Elegantissimo, potente e complesso.
Esame gustativo: Secco,
caldo, abbastanza morbido e con buon nerbo acido tale da non renderlo
pesante. Spesso sotto il palato con tannino in abbondanza che, tondo, ben
ruota tra papille e palato. E' di gran corpo, quasi robusto (i bordi del
bicchiere, dopo qualche sorso, restano appiccicaticci), l'equilibrio è
stato raggiunto ed il finale, di confettura scura è potente ed
eccellente... lunghissimo.
Stato evolutivo: Maturo.
Giudizio finale: Mostro
di potenza, modello di eleganza, ennesimo esempio di come Sangiovese e
Cabernet Sauvignon si sposino felicemente.
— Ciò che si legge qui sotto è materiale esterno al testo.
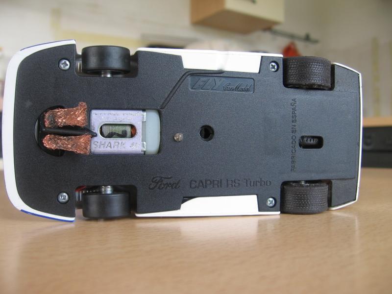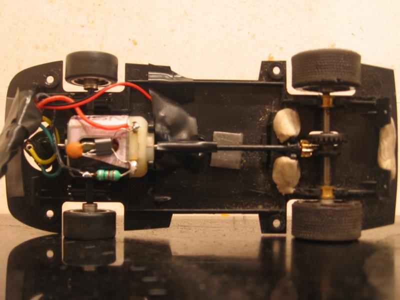 J'ai aussi par la suite mis hors service le moteur mabushi fly et remplacé par le très exceptionnelle moteur NSR shark 40000 trs/min sous 12V et 205g-cm ( oui ça envoie du très lourd). il m'a fallu renforcer le châssis car rupture du plastique qui maintient l'arbre de transmission réparé avec de la patte "pattex, changement du pignon plastique par un 10 dents mb slot en cuivre et remplacement et collage du ressort de l'arbre moteur.

E' già equilibrato e maturo ma
reggerà ancora a lungo. Da stappare con qualche ora di
anticipo e/o caraffare prima di servire, in ampi bicchieri da Bordeaux, da
Brunello o, meglio ancora, da Syrah.
Abbinamenti:
Selvaggina da pelo o meglio ancora da piuma: fagiano, ma anche piccione se
non si disponesse di selvaggina. Faraona al coulis di ribes neri. Formaggi
saporosi e stagionati, anche formaggi piccanti con miele di castagno.